**Provided records**

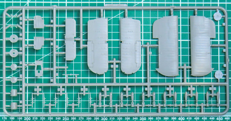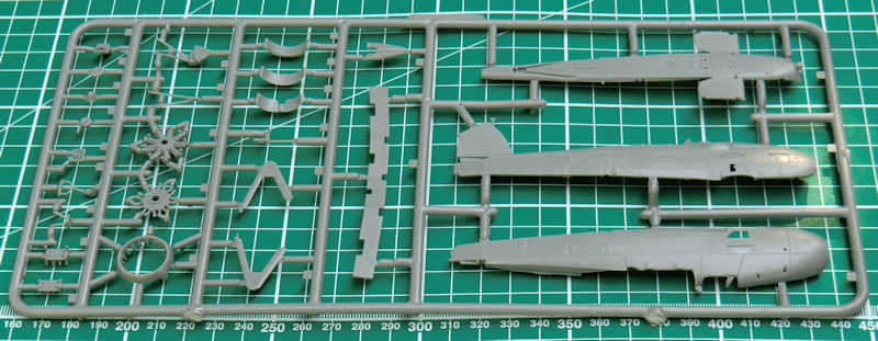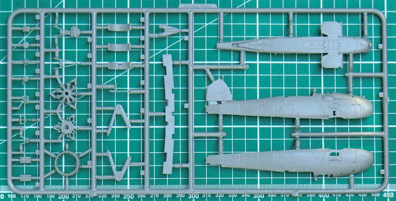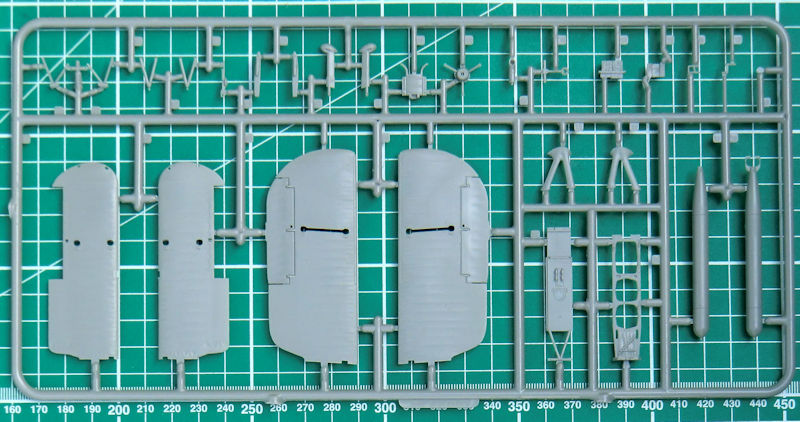 Für die Montage des Seitenruders liefert die Bauanleitung eine Skizze mit dem Hinweis auf den maximalen Einschlagwinkel. Das Ruder selbst besteht aus einem Stück und besitzt eine scharfe Hinterkante. Auch bei den Quer- und Höhenrudern liefert Airfix scharfe Hinterkanten. An den Tragflächenunterseiten kann man leider außen die Sacklöcher für die Bombenhalterungen erkennen. Neben den kleinen Bomben gibt es natürlich auch den Torpedo und einen Zusatztank. Für den Torpedo gibt es auch einen Karren für den Bodentransport.
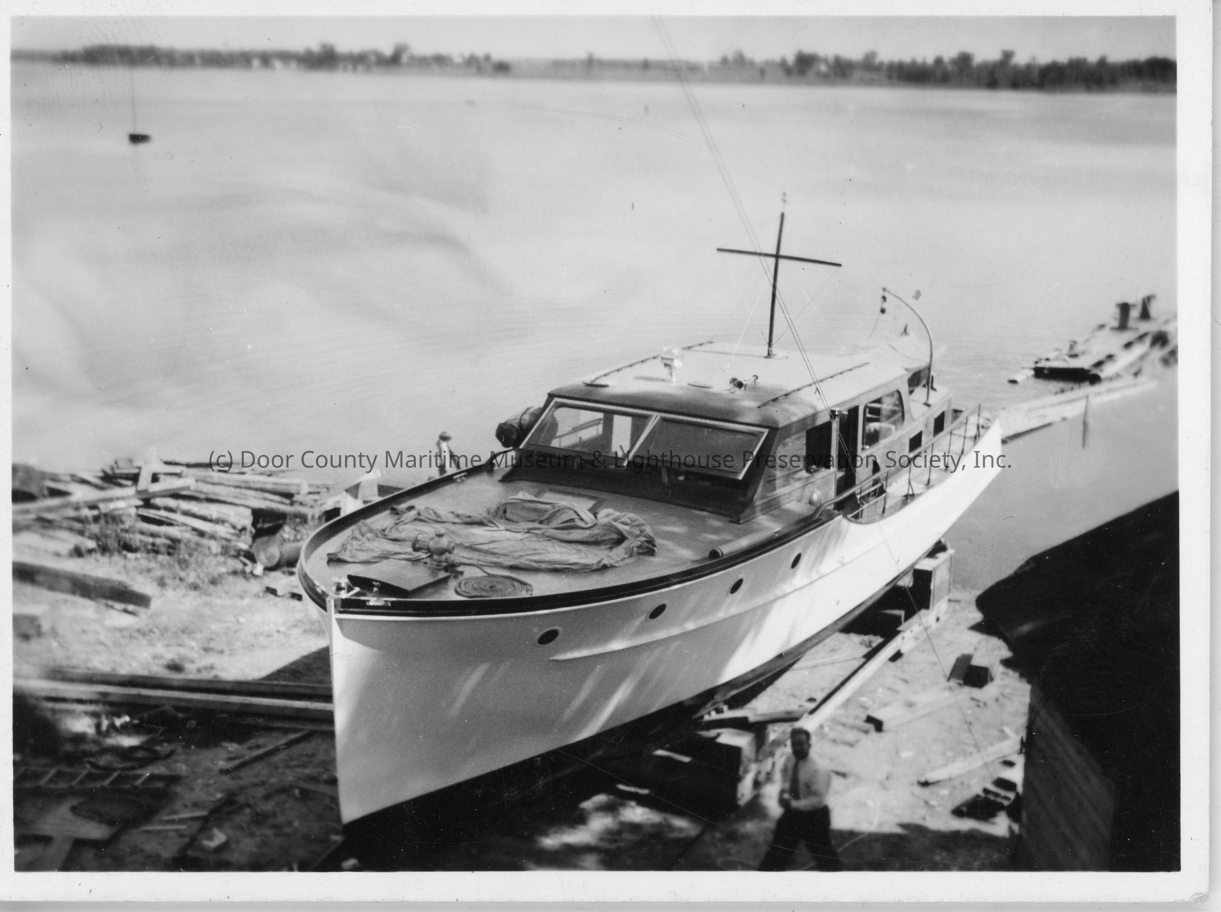 Ronaele II on cribbing pre-launch at Peterson Boat Works
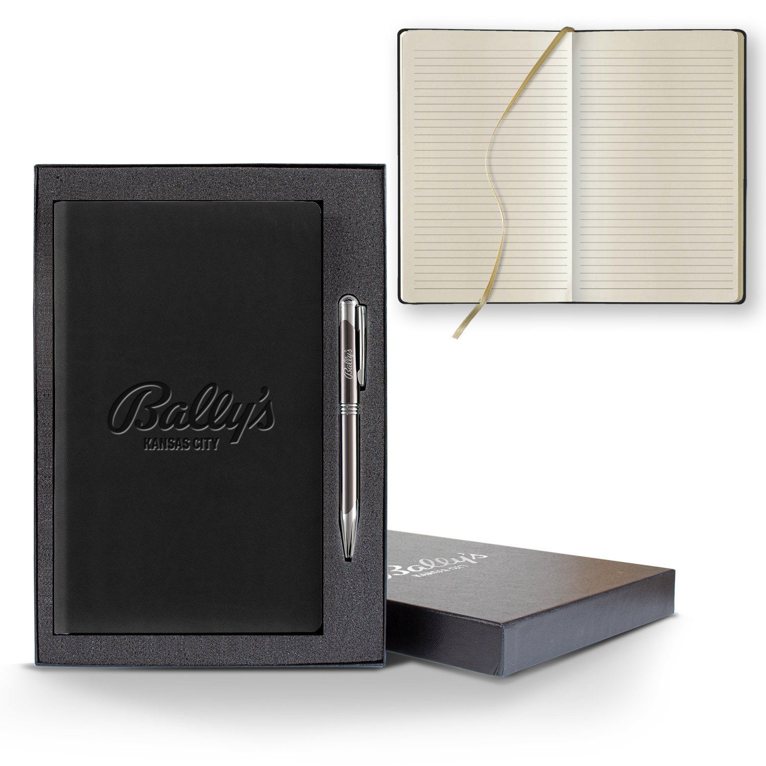 Elevate your brand by customizing this Medium Ivory Slim Journal with your company name, logo or marketing message! Measuring 5 1/4″ x 8 3/8″, this handy note-taker features 192 ivory pages with gray lines, a gold ribbon marker, rigid cover, and comes with a sleek black gift box and black or gunmetal pen (red, white, and blue pens also available upon request). It makes a great giveaway that is sure to remind recipients of your company’s customer service, plus it will put your message in front of them on a daily basis! FSC MIX 70% CQ-COC-000479. 5.25″ W x 8.375″ H x 0.325″ D
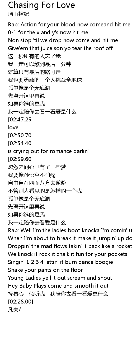 | [03:04.45][02:47.25][02:31.00][01:43.75][00:50.70] | Oh baby you got me chasing for love |
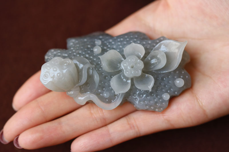 📚 【心若莲花亦倾城】天然和田烟青玉精雕莲花香插,摆件一枚精品
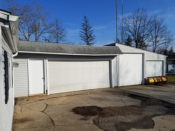 The possibilities are endless. This lovely 3 bedroom, 1.5 bath ranch features a spacious kitchen and dining room, living room w/fireplace, updated baths, kitchen and office. The 4 car garage 28' deep x 42' features a 16' door, 9' door and 8' door and a newer 200 amp service and 60 amp, 3 phase converter, compressor air, heater and water. 2 sheds remain and hot tub remain. Agent related to Seller. Seller to drain septic & hook up to City Sewer prior to closing.
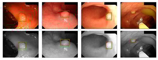 Currently, many medical images are processed into grayscale images, such as ultrasound, computed tomography (CT), and magnetic resonance (MR) images. Tan et al. [44] applied a gray-level cooccurrence matrix and CNN to CT images for polyp diagnosis. Zhang et al. [45] compress the three-channel color images of chest CT to grayscale images. A five-layer deep CNN with stochastic pooling is used to diagnose chest-based COVID-19. Xie et al. [46] mentioned that in deep learning, colors are not the key features influencing accurate image classification. They also discovered that in X-ray image classification, the speed and accuracy of processing grayscale images were considerably higher than those of processing RGB images. The grayscale method used was ITU-R Recommendation BT.601 [47]. Moreover, misjudgments were easily made in the presence of excessive intestinal wall textures, when polyps were too small (Figure 2), and when polyp textures were similar (Figure 3) to intestinal wall textures.
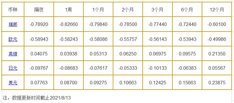 8月13日伦敦银行同业拆借利率: 隔夜LIOR:瑞郎报-0.78920%,欧元报-0.58943%,英镑报0.04075%,日元报-0.09767%,美元报0.07763%; 1周LIOR:瑞郎报-0.82660%,欧元报-0.58243%,英镑报0.03938%,日元报-0.08683%,美元报0.08700%; 1个月LIOR:瑞郎报-0.79840%,欧元报-0.58086%,英镑报0.053
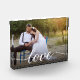 The centerpiece of this photo frame is the word "Love" beautifully written in a modern and elegant script. The stylish design adds a touch of sophistication and romance to your wedding photo, showcasing the love that blossomed on your special day.
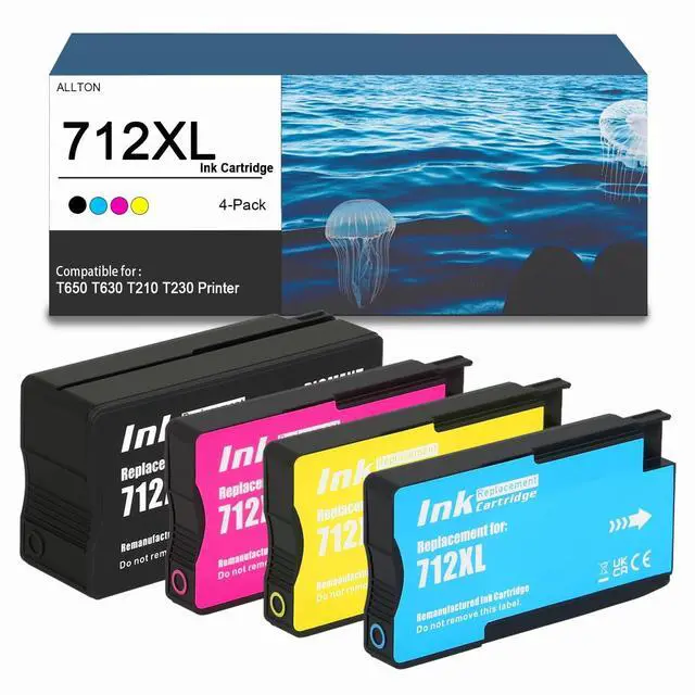 Packaging Description: Our compatible 4-pack 712 ink cartridge comes with 4 ink cartridges Black Cyan Magenta Yellow ^^
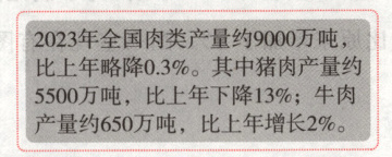 2023年全国肉类产量约9000万吨,比上年略降0.3%。其中猪肉产量约5500万吨,比上年下降13%;牛肉产量约650万吨,比上年增长2%。
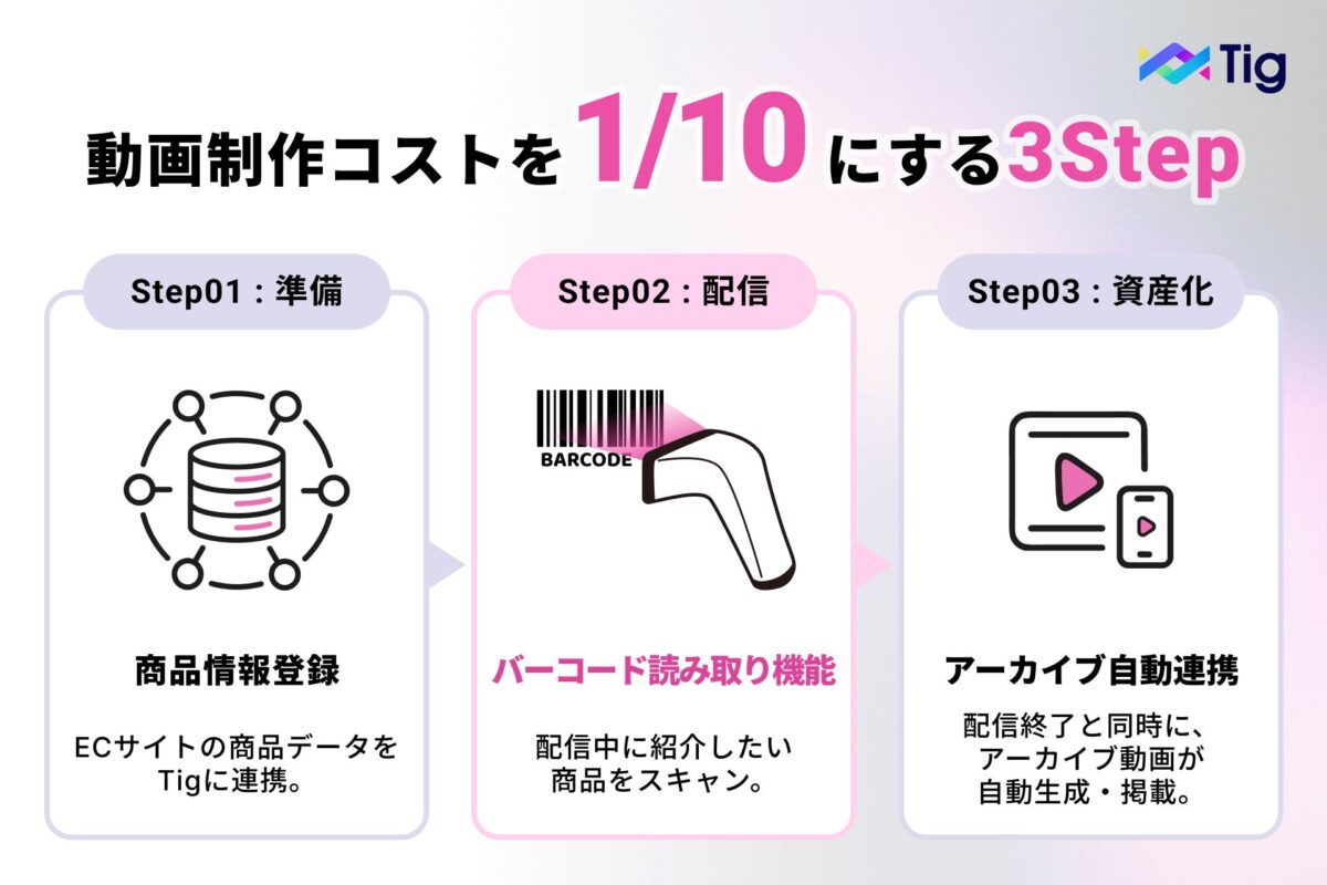 Tig LIVEの自動化ソリューションを導入することで、以下の3ステップのみで「資産型動画」の構築が完結します。

**The problem**
What is needed is the whole listing again, exactly as written, with the images left out.

**Written response**
 Für die Montage des Seitenruders liefert die Bauanleitung eine Skizze mit dem Hinweis auf den maximalen Einschlagwinkel. Das Ruder selbst besteht aus einem Stück und besitzt eine scharfe Hinterkante. Auch bei den Quer- und Höhenrudern liefert Airfix scharfe Hinterkanten. An den Tragflächenunterseiten kann man leider außen die Sacklöcher für die Bombenhalterungen erkennen. Neben den kleinen Bomben gibt es natürlich auch den Torpedo und einen Zusatztank. Für den Torpedo gibt es auch einen Karren für den Bodentransport.
 Ronaele II on cribbing pre-launch at Peterson Boat Works
 Elevate your brand by customizing this Medium Ivory Slim Journal with your company name, logo or marketing message! Measuring 5 1/4″ x 8 3/8″, this handy note-taker features 192 ivory pages with gray lines, a gold ribbon marker, rigid cover, and comes with a sleek black gift box and black or gunmetal pen (red, white, and blue pens also available upon request). It makes a great giveaway that is sure to remind recipients of your company’s customer service, plus it will put your message in front of them on a daily basis! FSC MIX 70% CQ-COC-000479. 5.25″ W x 8.375″ H x 0.325″ D
 | [03:04.45][02:47.25][02:31.00][01:43.75][00:50.70] | Oh baby you got me chasing for love |
 📚 【心若莲花亦倾城】天然和田烟青玉精雕莲花香插,摆件一枚精品
 The possibilities are endless. This lovely 3 bedroom, 1.5 bath ranch features a spacious kitchen and dining room, living room w/fireplace, updated baths, kitchen and office. The 4 car garage 28' deep x 42' features a 16' door, 9' door and 8' door and a newer 200 amp service and 60 amp, 3 phase converter, compressor air, heater and water. 2 sheds remain and hot tub remain. Agent related to Seller. Seller to drain septic & hook up to City Sewer prior to closing.
 Currently, many medical images are processed into grayscale images, such as ultrasound, computed tomography (CT), and magnetic resonance (MR) images. Tan et al. [44] applied a gray-level cooccurrence matrix and CNN to CT images for polyp diagnosis. Zhang et al. [45] compress the three-channel color images of chest CT to grayscale images. A five-layer deep CNN with stochastic pooling is used to diagnose chest-based COVID-19. Xie et al. [46] mentioned that in deep learning, colors are not the key features influencing accurate image classification. They also discovered that in X-ray image classification, the speed and accuracy of processing grayscale images were considerably higher than those of processing RGB images. The grayscale method used was ITU-R Recommendation BT.601 [47]. Moreover, misjudgments were easily made in the presence of excessive intestinal wall textures, when polyps were too small (Figure 2), and when polyp textures were similar (Figure 3) to intestinal wall textures.
 8月13日伦敦银行同业拆借利率: 隔夜LIOR:瑞郎报-0.78920%,欧元报-0.58943%,英镑报0.04075%,日元报-0.09767%,美元报0.07763%; 1周LIOR:瑞郎报-0.82660%,欧元报-0.58243%,英镑报0.03938%,日元报-0.08683%,美元报0.08700%; 1个月LIOR:瑞郎报-0.79840%,欧元报-0.58086%,英镑报0.053
 The centerpiece of this photo frame is the word "Love" beautifully written in a modern and elegant script. The stylish design adds a touch of sophistication and romance to your wedding photo, showcasing the love that blossomed on your special day.
 Packaging Description: Our compatible 4-pack 712 ink cartridge comes with 4 ink cartridges Black Cyan Magenta Yellow ^^
 2023年全国肉类产量约9000万吨,比上年略降0.3%。其中猪肉产量约5500万吨,比上年下降13%;牛肉产量约650万吨,比上年增长2%。
 Tig LIVEの自動化ソリューションを導入することで、以下の3ステップのみで「資産型動画」の構築が完結します。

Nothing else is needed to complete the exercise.